What are the validated applications for p33MONOX antibody?

The p33MONOX polyclonal antibody has been validated for several key immunological applications essential for research. These include immunohistochemistry (IHC), immunocytochemistry (ICC), immunofluorescence (IF), and immunohistochemistry on paraffin-embedded tissues (IHC-P). Each of these applications has specific working dilutions: for IHC and IHC-P, the recommended dilution range is 1:500-1:1000, while for ICC/IF, the optimal concentration is 1-4 μg/mL. These applications allow researchers to visualize p33MONOX in various experimental contexts, from fixed tissue sections to cultured cells, providing flexibility in experimental design .

How does antibody specificity influence experimental outcomes when using p33MONOX antibody?

Antibody specificity is crucial for reliable experimental outcomes. The p33MONOX antibody's specificity has been verified using a Protein Array containing the target protein plus 383 other non-specific proteins, confirming its selective binding capabilities . This high specificity reduces background signal and false positives in experiments. Drawing parallels from research on antibody specificity, we understand that even minor differences in binding profiles can significantly impact experimental outcomes . For accurate results, researchers should validate the specificity of their p33MONOX antibody lot before conducting critical experiments, particularly when working with complex tissue samples where cross-reactivity might occur.
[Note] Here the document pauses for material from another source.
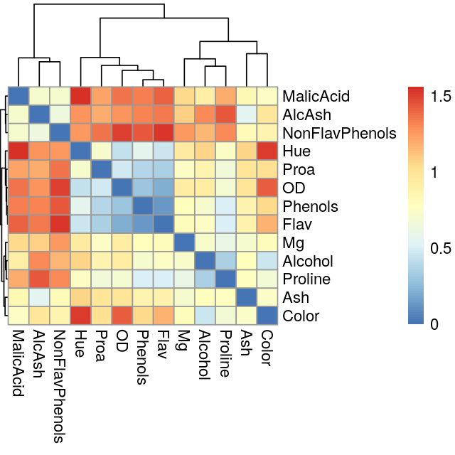 In the previous example, the number of variables measured was too large to enable useful concurrent plotting of both variables and samples. In this example we plot the PCA biplot of a simple data set where chemical measurements were made on different wines for which we also have a categorical wine.class variable. We start the analysis by looking at the two-dimensional correlations and a heatmap of the variables.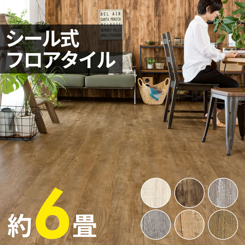木目調 フロアタイル 接着剤付き 貼るだけ フローリングタイル 36枚セット 接着タイプ リクレイムド全6色[8407] 【 床材 diy ウッドカーペット シート シール タイル フロアマット フロアタイル フロアーマット フローリング マット 3畳 床 接着剤不要 古材風 】

What are the recommended controls when using p33MONOX antibody in immunohistochemistry?

When conducting immunohistochemistry with p33MONOX antibody, several controls are essential to ensure reliable and interpretable results. Based on standard immunohistochemical practices, researchers should implement:

  • Positive control: Human tissue samples known to express p33MONOX, particularly brain tissue where this protein has been documented.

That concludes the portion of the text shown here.